What to expect: Despite numbing cream, you'll still feel the burn. For more intense ablative treatments, your doctor will likely give you a sedative, numb the area, and send you home with painkillers. Plan to take a week off, since your skin will be very red and swollen.

Average cost: $500 to $1,000 for one non-ablative treatment (three to five are usually needed); $3,000 to $5,000 for an ablative procedure. (Just one is usually recommended.)

TRY: VASCULAR LASERS

What they are: Known as pulsed-dye lasers, devices like the Vbeam zap broken capillaries and reduce al-over ruddiness.

What to expect: The process is tolerable but not exactly pleasant—it feels like a rubber band snapping against your face repeatedly. You could experience swelling for a few days afterward and may need three or more treatments for stubborn blood vessels or red patches.

Average cost: $500 to $750 per visit.

TRY: TIGHTENING DEVICES

What they are: Ultherapy (which relies on focused ultrasound waves), and Thermage or the newer Pellevé (both of which use radio-frequency energy) heat up tissue deep inside the skin, making it contract. Some people experience only subtle changes; for others, there's a more dramatic firming effect. "Patients who are slim throughout the face and neck do best," says Kauvar. But even if you're a good candidate, keep your expectations realistic. "If you like the way you look when you pinch your skin and pull it back, you may be happier with a face-lift," says Rapaport.

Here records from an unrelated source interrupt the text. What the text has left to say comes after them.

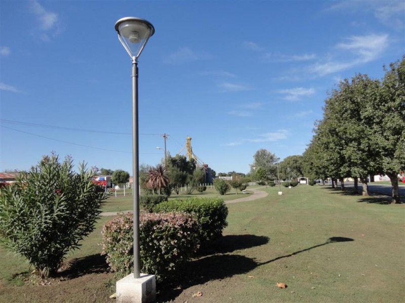 En tarea conjunta con la Cooperativa Eléctrica se están reacondicionando las torres de altura. Por otro lado, con la instalación eléctrica reconstruida, estimamos en corto plazo poder iniciar el recambio de los artefactos de iluminación que acompañan a las veredas de la plaza.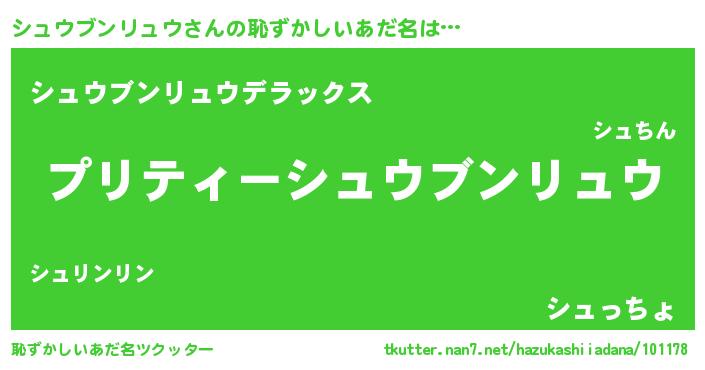 | ヘコむあだ名 | 『シュもー』『なまこ酢』『シュお』 |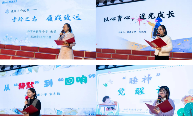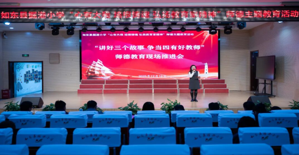 本网江苏讯(通讯员 叶亚均 李玲玲 陈丰 张一波)为扎实推进 "心有大我 培根铸魂 弘扬教育家精神" 师德主题教育,深化 "慧爱" 四有好教师团队建设,12 月 10 日,如东县掘港小学本年度第二场 "讲好三个故事 争当四有好教师" 师德教育现场推进会如期举行。学校全体教师与江苏省乡村义务教育领军校长培训百人计划的 11 名跟岗学员齐聚一堂,共赴这场以师德为核、以成长为翼的教育盛会。

What to expect: Doctors suggest taking a sedative to help you endure the burning sensation of Thermage and Ultherapy. You won't need pain meds for Pellevé since its specially designed hand piece makes the process more bearable. Expect results to last six months or longer.
 

Average cost: $2,000 per treatment.

In Your 50s

Your eyes should reveal your soul—not your age. In your 50s, issues like crow's feet, crepe-y skin, drooping or hooded lids, and puffiness can make you look years older than you are, says Rapaport. You may have also noticed that, like the hair on your head, your lashes aren't as full or fluttery as they were when you were younger.

TRY: A LASH BOOSTER

What it is: Latisse, a serum that contains bimatoprost, is a prescription drug that stimulates the follicle to enter—and remain in—the growing stage. Applied nightly along your lashes like eyeliner, it can result in a longer, lusher fringe.

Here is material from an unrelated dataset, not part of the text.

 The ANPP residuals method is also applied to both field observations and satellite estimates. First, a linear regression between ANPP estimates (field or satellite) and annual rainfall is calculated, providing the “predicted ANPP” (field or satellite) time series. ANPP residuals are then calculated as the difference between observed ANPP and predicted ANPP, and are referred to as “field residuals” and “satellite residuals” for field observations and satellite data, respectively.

What to expect: The formula feels cool as you swipe it on; tell your doctor if you experience irritation or stinging. "Other side effects are very rare," says Bank, "but can include skin pigmentation along the lashline, and for women with hazel or green eyes, the iris can change color." You'll notice thickening and lash darkening in about a month, but it takes up to four to reach your maximum batting potential. If you stop using Latisse, your fringe will return to its former state within weeks.

Average cost: $90 to $120 for a one-month supply.

TRY: AN EYE-LIFT

What it is: This surgical procedure can remedy droopy lids and under-eye bags. Your surgeon will remove excess skin and fat and possibly reposition your fat to fill in any hollow areas.

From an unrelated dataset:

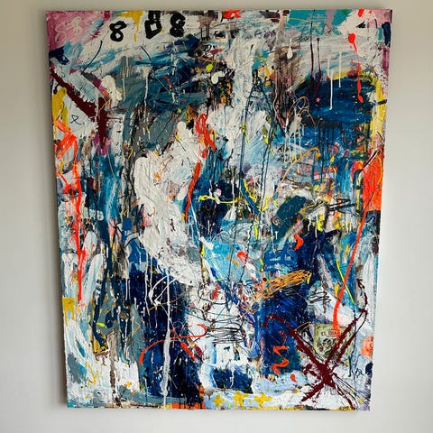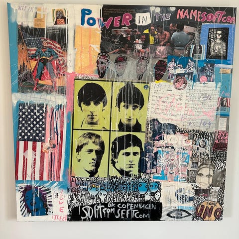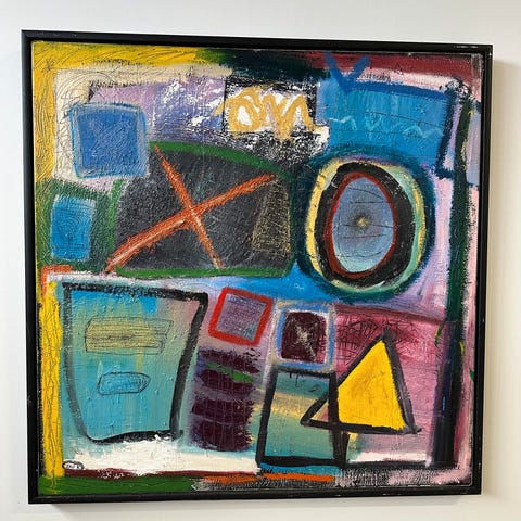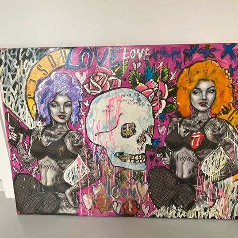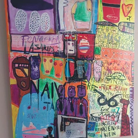Jan Klein maleri. Endnu et unikt maleri fra den kreative/dygtige kunstner Jan Klein. Abstrakt maleri (dog en del tekst) i en skøn farvepalet af dekorative farver. Lidt atypisk Klein maleri. Måler 90x120 cm.

What to expect: The surgery can either be done under general anesthesia or conscious sedation. For the latter, "you will be aware of your surroundings, but won't remember a thing," says Rapaport. You'll probably experience bruising for 10 days to three weeks, and it may take up to 90 days for the swelling to completely subside. Depending on your surgeon's strategy, you may be left with a barely there scar that's hidden in the crease of your lid or just below your lower lashline, or no scar at all.

Average cost: $2,800, not including fees for anesthesia.

Head to aad.org or asps.org to find a board-certified dermatologist or plastic surgeon in your area who can perform these procedures.